Source information →
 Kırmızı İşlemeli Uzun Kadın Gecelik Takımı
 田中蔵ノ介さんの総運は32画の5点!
...
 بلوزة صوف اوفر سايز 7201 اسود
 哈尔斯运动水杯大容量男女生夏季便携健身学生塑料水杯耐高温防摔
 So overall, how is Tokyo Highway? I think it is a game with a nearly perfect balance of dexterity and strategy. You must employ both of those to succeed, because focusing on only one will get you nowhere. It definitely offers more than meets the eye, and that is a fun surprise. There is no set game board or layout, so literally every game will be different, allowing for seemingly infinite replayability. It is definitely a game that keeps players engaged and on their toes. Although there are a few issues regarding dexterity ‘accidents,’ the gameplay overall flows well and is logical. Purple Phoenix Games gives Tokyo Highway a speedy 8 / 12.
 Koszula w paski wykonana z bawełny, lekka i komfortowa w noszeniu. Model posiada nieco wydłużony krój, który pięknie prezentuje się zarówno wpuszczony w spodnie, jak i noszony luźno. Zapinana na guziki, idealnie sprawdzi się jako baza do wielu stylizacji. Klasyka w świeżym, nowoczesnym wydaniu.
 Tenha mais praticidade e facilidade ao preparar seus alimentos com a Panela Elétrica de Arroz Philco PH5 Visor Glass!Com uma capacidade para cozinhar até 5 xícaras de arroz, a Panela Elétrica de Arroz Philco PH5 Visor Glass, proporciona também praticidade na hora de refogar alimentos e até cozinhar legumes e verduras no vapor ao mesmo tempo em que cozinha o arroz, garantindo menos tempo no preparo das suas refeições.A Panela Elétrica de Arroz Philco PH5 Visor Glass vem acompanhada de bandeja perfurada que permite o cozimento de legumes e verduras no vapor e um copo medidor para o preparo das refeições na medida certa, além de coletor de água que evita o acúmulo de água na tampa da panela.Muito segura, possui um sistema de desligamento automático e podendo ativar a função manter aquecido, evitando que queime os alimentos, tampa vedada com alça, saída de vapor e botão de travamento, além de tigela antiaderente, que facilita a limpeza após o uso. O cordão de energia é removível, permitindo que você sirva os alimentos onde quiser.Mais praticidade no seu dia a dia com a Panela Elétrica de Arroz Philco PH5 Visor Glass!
==
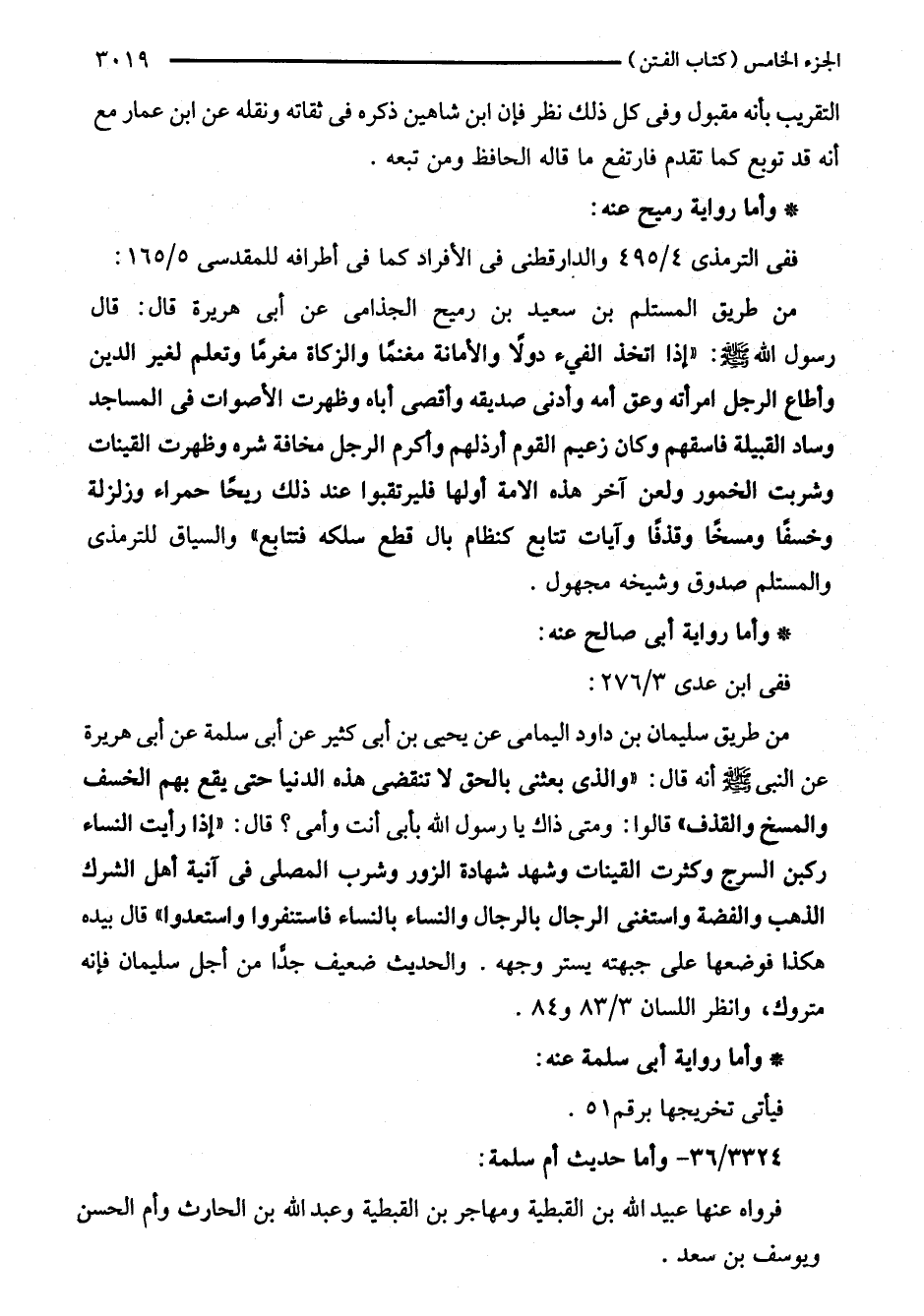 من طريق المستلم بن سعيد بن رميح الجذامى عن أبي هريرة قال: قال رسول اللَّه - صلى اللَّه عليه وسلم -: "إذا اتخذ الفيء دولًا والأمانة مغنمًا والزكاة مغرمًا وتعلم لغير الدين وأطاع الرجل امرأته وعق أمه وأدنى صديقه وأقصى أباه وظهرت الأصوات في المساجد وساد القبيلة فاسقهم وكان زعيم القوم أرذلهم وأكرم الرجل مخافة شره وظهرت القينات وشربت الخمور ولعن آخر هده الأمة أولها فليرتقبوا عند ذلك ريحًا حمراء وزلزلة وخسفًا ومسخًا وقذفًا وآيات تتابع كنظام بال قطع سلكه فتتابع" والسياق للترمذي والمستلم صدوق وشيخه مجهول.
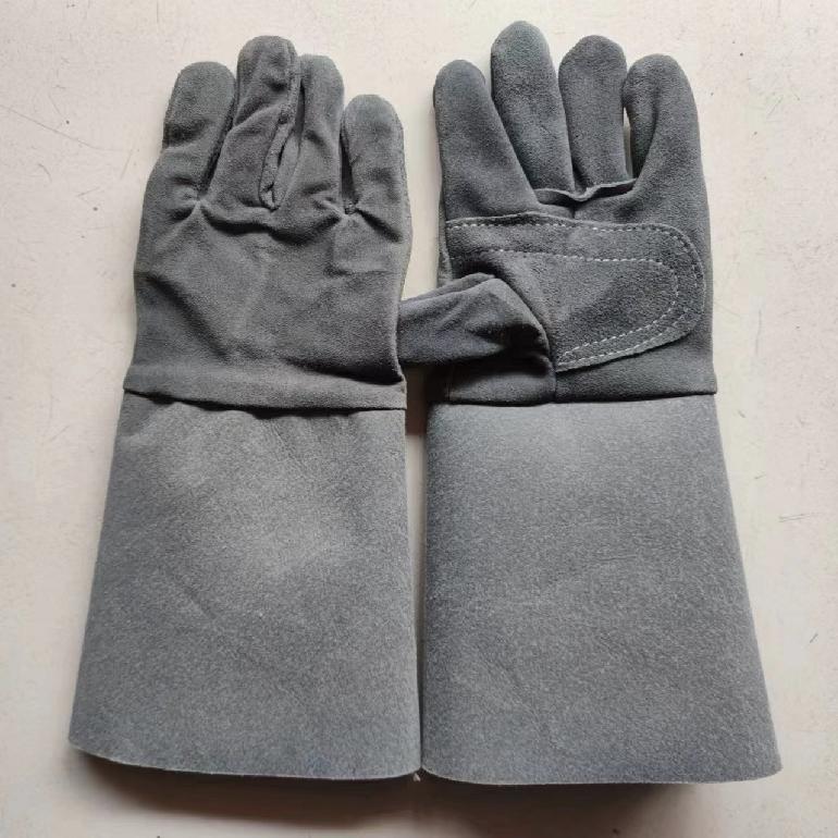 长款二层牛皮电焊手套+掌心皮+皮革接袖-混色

Problem details → Output should match, line for line, the stretch of the material above from the line holding "Kırmızı İşlemeli Uzun Kadın Gecelik Takımı" through the line holding "田中蔵ノ介さんの総運は32画の5点!".

Response to this exercise →
 Kırmızı İşlemeli Uzun Kadın Gecelik Takımı
 田中蔵ノ介さんの総運は32画の5点!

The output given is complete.